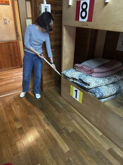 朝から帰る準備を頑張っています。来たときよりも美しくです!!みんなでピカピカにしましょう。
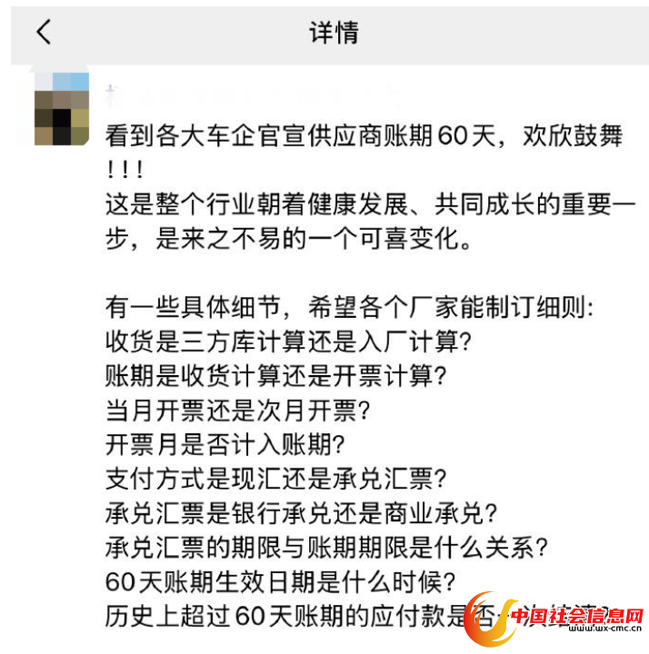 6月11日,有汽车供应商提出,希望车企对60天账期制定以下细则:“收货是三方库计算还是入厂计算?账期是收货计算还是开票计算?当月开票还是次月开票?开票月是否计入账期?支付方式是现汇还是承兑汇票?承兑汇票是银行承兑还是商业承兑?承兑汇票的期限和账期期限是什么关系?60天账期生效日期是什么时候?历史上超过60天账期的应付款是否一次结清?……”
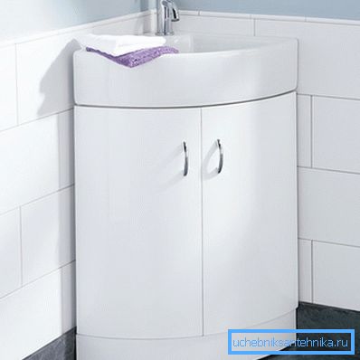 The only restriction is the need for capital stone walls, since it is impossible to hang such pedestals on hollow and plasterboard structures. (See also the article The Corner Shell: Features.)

--

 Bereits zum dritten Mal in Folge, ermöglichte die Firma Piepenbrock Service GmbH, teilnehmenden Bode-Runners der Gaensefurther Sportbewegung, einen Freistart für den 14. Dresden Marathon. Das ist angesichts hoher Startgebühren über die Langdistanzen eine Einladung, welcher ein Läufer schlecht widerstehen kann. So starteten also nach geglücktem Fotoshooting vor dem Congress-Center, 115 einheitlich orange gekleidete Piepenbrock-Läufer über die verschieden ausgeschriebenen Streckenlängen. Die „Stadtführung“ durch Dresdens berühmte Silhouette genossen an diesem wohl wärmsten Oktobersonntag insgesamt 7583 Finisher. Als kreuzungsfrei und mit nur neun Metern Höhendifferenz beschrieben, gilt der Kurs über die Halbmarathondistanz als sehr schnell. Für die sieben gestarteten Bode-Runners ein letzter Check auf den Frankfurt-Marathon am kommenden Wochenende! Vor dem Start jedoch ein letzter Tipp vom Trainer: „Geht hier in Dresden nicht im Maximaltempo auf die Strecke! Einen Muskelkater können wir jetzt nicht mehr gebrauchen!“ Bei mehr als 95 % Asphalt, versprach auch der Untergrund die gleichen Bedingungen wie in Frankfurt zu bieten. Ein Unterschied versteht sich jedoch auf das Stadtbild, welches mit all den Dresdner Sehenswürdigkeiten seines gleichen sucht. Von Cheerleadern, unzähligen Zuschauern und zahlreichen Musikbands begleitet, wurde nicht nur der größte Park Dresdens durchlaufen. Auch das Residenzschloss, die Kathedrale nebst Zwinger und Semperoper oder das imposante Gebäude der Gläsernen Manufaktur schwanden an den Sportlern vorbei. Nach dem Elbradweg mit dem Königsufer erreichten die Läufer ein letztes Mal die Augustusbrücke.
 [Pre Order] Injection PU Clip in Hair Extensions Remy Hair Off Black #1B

==

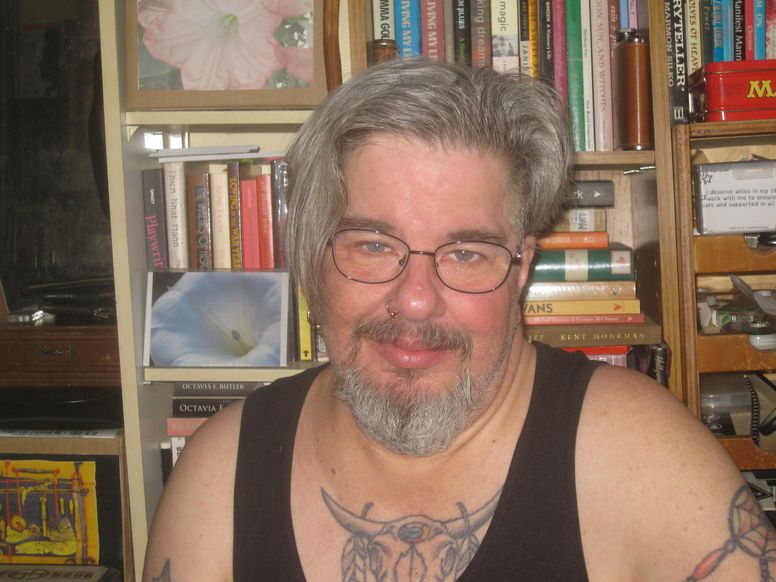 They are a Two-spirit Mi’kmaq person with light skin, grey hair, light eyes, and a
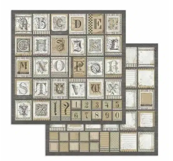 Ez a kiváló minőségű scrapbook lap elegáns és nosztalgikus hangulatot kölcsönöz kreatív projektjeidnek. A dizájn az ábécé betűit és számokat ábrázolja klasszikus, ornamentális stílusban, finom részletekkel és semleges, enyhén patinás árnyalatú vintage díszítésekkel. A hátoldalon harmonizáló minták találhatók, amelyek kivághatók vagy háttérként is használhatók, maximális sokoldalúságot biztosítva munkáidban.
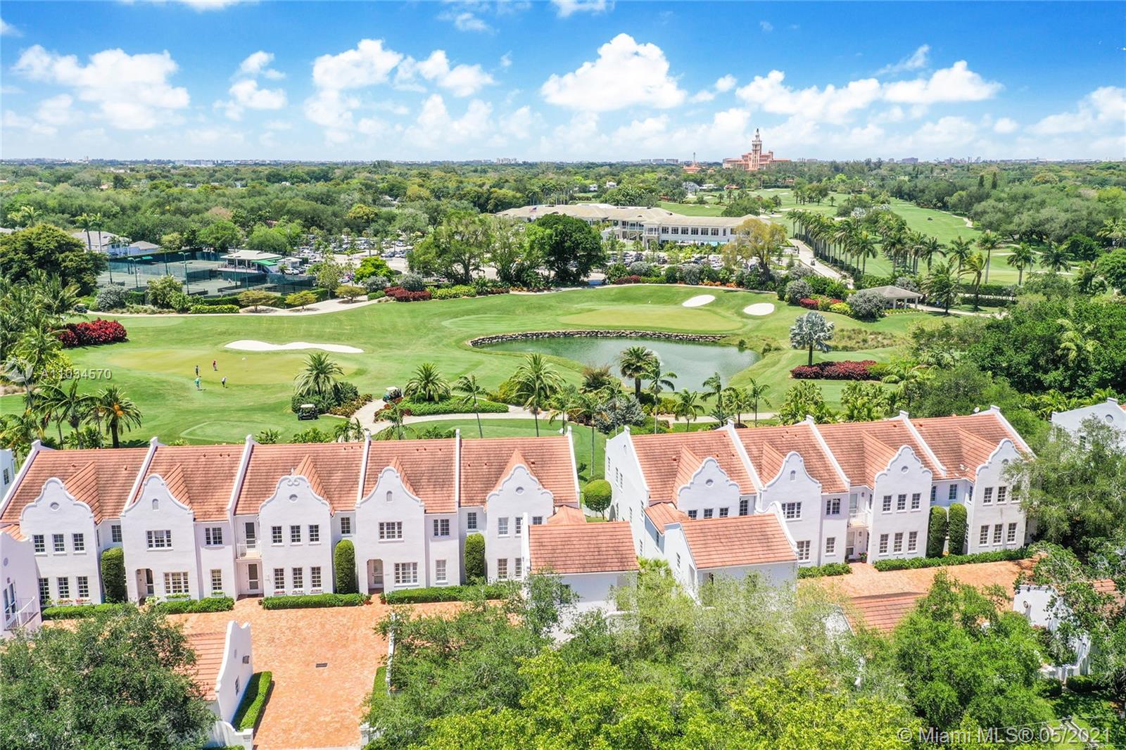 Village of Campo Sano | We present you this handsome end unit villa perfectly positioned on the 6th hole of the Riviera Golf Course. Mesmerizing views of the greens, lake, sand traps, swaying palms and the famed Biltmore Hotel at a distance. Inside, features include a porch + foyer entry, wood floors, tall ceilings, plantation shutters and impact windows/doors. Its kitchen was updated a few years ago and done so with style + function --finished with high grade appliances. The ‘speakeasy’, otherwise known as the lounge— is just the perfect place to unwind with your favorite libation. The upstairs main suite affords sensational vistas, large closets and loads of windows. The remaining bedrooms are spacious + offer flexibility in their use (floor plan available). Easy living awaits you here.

### WHAT TO PRODUCE
Starting at the line above that holds "朝から帰る準備を頑張っていま", return each line up to and including the one that holds "The only restriction", exactly as written, minus any pictures.

### SOLUTION TO THE PROBLEM
 朝から帰る準備を頑張っています。来たときよりも美しくです!!みんなでピカピカにしましょう。
 6月11日,有汽车供应商提出,希望车企对60天账期制定以下细则:“收货是三方库计算还是入厂计算?账期是收货计算还是开票计算?当月开票还是次月开票?开票月是否计入账期?支付方式是现汇还是承兑汇票?承兑汇票是银行承兑还是商业承兑?承兑汇票的期限和账期期限是什么关系?60天账期生效日期是什么时候?历史上超过60天账期的应付款是否一次结清?……”
 The only restriction is the need for capital stone walls, since it is impossible to hang such pedestals on hollow and plasterboard structures. (See also the article The Corner Shell: Features.)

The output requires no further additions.